Hoy la mayoría de preparatorias, como facultades cuentan con una mayor infraestructura desde bancas, talleres, laboratorios con mejores condiciones, hay excepciones como todo, pero siguen esas excepciones en los planes de mejorarlas.

Así, por ejemplo, la última obra es la de la escuela preparatoria número 44 del municipio de Ayutla, ahí se construyó un edificio con tres niveles, donde albergará a un laboratorio multidisciplinario, biblioteca, centro de cómputo, y seis aulas.

En la región de la Tierra Caliente en la facultad de Medicina Veterinaria y Zootecnia, en Altamirano entregó equipo electrónico, microscopio y material de laboratorio para las prácticas.

Hizo lo propio con la entrega de 18 plazas de tiempo completo del Programa para el Desarrollo Profesional Docente (PRODEP), en el puerto de Acapulco, especialmente a académicos en la investigación.

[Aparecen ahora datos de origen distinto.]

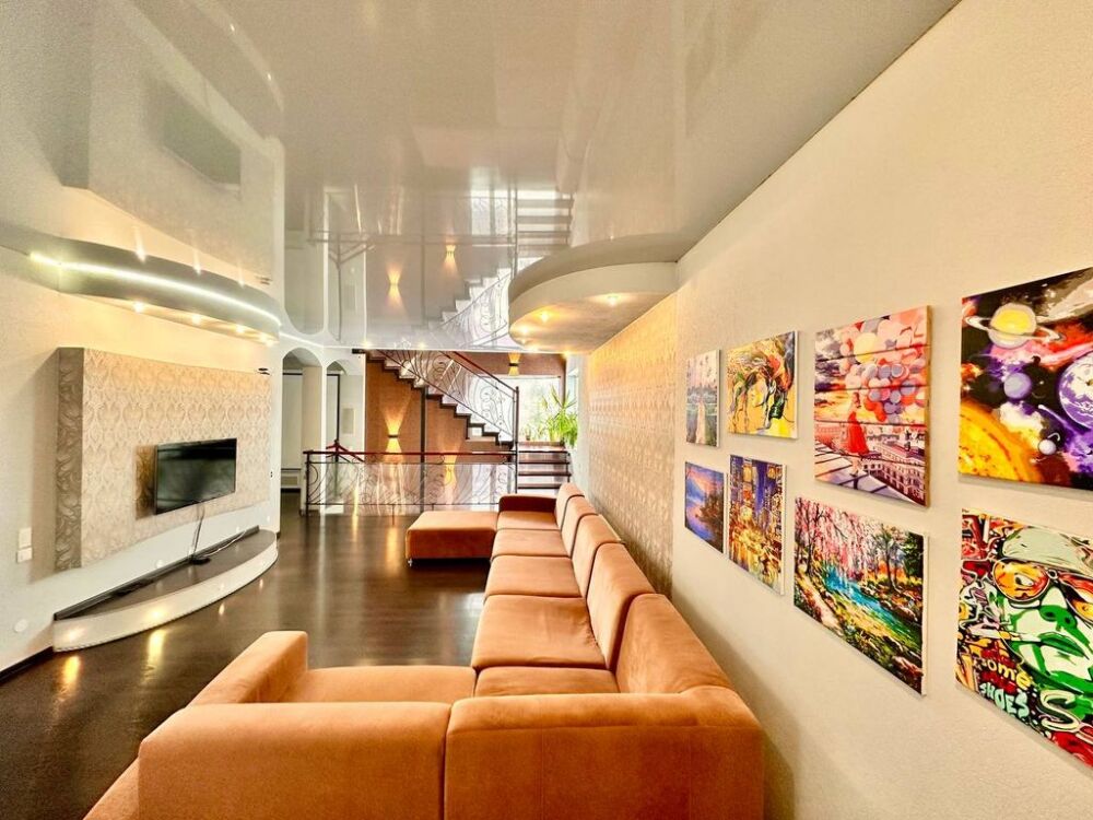 На каждом этаже есть роботы пылесосы. Телевизор, все каналы, ivi, рrrmiеr, Кинопоиск оплачены. Так же кинотеатр с проектором и коллекцией фильмов и музыки.

Ahora bien, apreciando lo que para algunos puede ser malo del rector, como los que dicen que es bueno lo que ha hecho hasta ahorita, la conclusión sería que se tiene un rector que trabaja, aporta, pero quizás no les guste su estilo personal de trabajar, aunque ha dado dignidad a la Universidad, como una nueva identidad a las nuevas generaciones.

Donde ya no dicen ¡Mamá, aunque sea me quedó en la UAGro, si ya no tengo opción! Ahora dicen quiero quedarme a estudiar en la UAGro, ya tiene sus edificios pintados, sus salones ya están cerrados, con puertas, está embardada la escuela, sus laboratorios y auditorios cuentan con aire acondicionados, quizás no todos, pero si un número considerable.